Updated Proposal: Chaos Labs - Risk & Simulation Platform

Thanks for bringing this up, @Alok_StandardCrypto. One major tenet of risk management, both in traditional finance and DeFi, is a notion of statistical rigor when choosing high value parameters. While we agree that there are many benefits to multiple risk assessments (which usually involve methodologies that can be aggregated in a statistically coherent manner), there seems to be little to no description of either a coherent statistical methodology in this proposal nor any level of rigor befitting billions of dollars of AUM in the case studies provided. Let’s perform a pedagogical understanding of why this is harmful and we would argue that any additional risk vendor should be subject to providing a real risk methodology rather than summary statistics.
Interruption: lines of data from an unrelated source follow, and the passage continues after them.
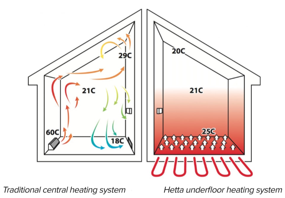 Маркетологи обычно приводят следующий пример. Радиаторы сначала обогревают потолок, потом пол, ввиду чего весь эффективный тёплый воздух оказывается вверху, в то время как полы сохраняют наиболее эффективную и комфортную температуру внизу, а к потолку оказывается прохладнее. Именно поэтому радиаторы имеют меньшие размеры (по сравнению с тёплым полом) и работают на более высоких температурах, они компенсируют схему своей работы таким образом, и общая температура помещения оказывается такой же.
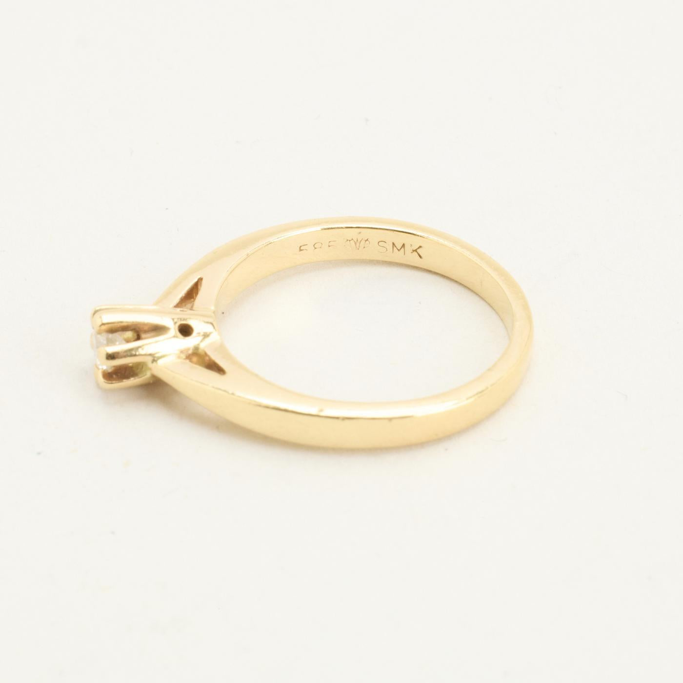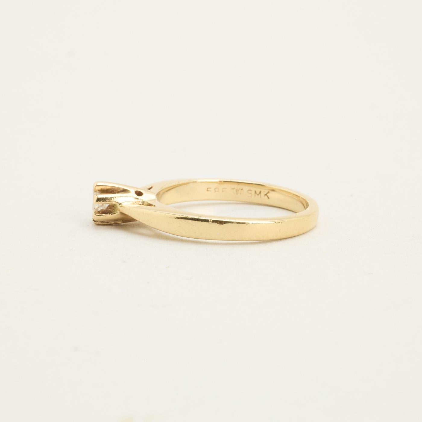 Solitairring med diamant (0.11 ct) i 14 karat str. 50
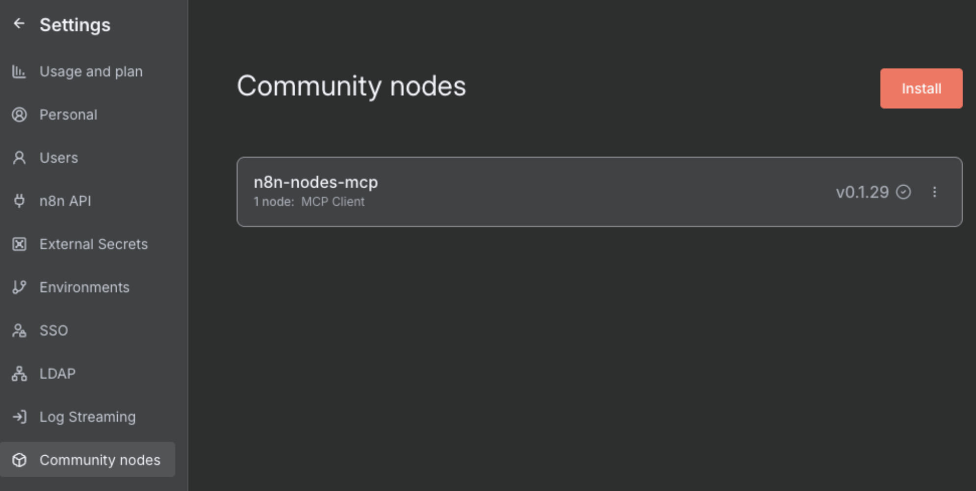 1. Add Community Node n8n-node-mcp to n8n instance under Settings
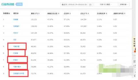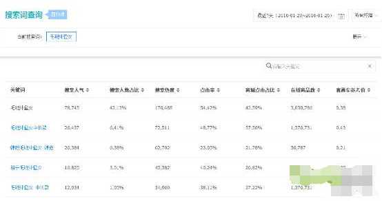 利用生意参谋-市场行情-行业热词榜抓取最近7天大类下两个端口的热门核心词,通过这些核心词分析出当前的子类热度排名(重复的归类一起,例如棉衣棉服),利用淘宝指数对每个子类进行数据收集,了解每一年每个时间段的搜索量,做一份市场表格进行每个子类的排列(切记排列是会在未来随着市场情况各种因素不断变化的,受全国天气、媒体潮流等等因素所影响,但是过去的热门时间段是固定无法改变的)。
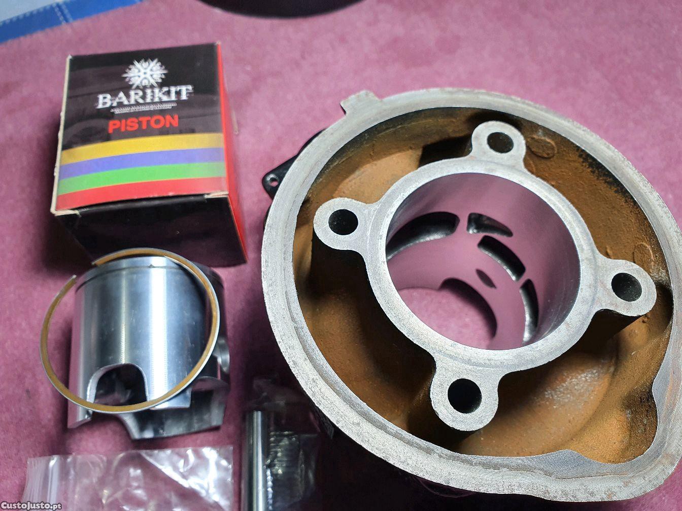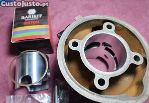 Cilindro Top Performance "Negro" na medida 50.25mm para motores AM5/AM6. Totalmente preparado para máxima potência, boosters de escape. Pistão trabalhado e aligeirado para óptima performance, 1 segmento em lâmina. Única imperfeição é visível nas últimas fotos, um lado do booster de escape abriu para o canal do perno, o que não afecta o desempenho depois de montado e apertado.
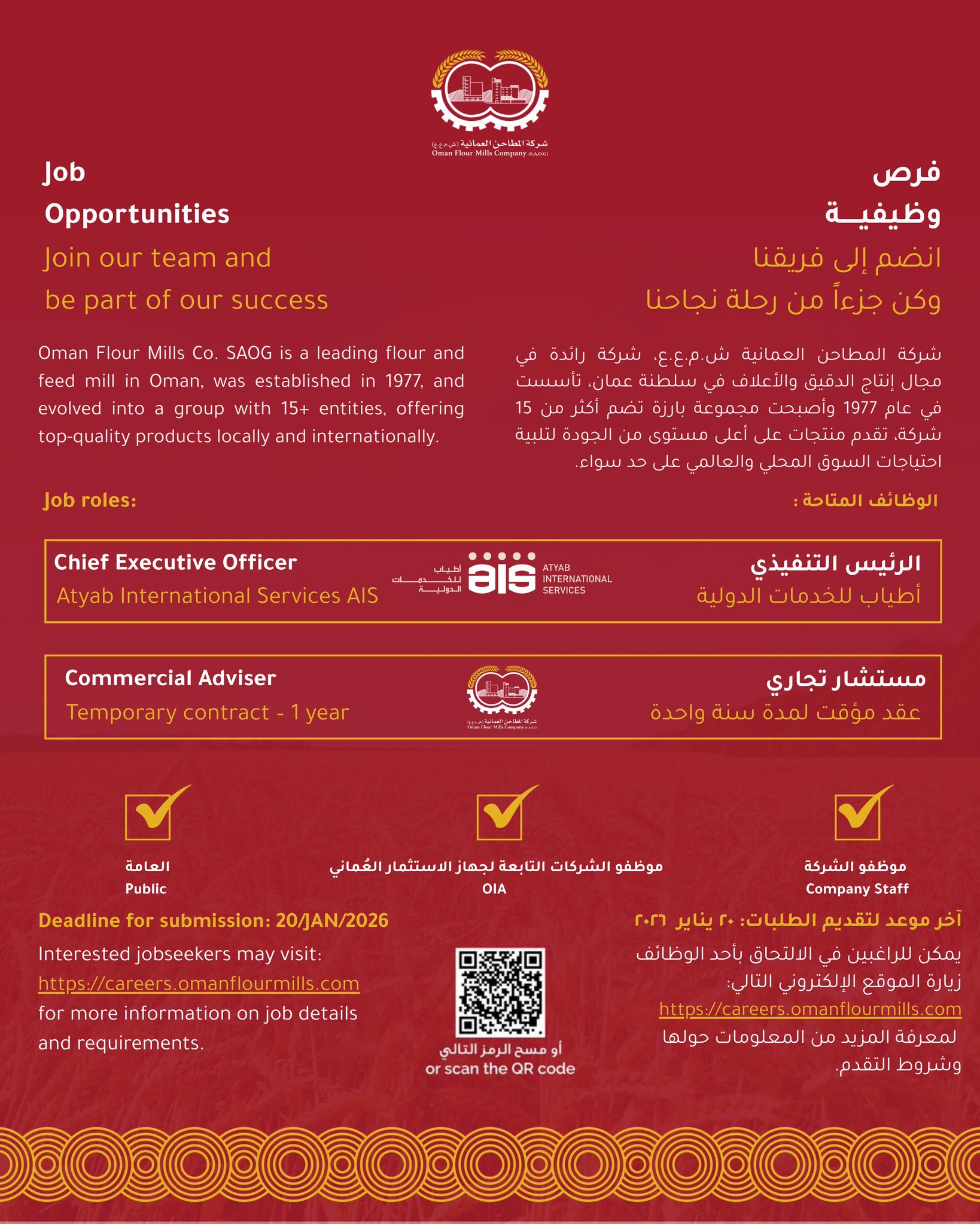 شركة المطاحن العُمانية - توفر فرص وظيفية ( الرئيس التنفيذي + مستشار تجاري )

Risk Analysis methodology shares similarities with Smart Contract security

The Aave DAO has employed a number of continuous auditing entities, such as Certora, to provide formal verification services. A number of formal verification tools (such as the K framework and Slither) exist so one may naturally ask the question, “Why do we need to pay Certora? Can’t we provide bounties to developers to write the formal verification code?” The answer is that it is extremely hard to construct a comprehensive set of tests and missing one can be deadly.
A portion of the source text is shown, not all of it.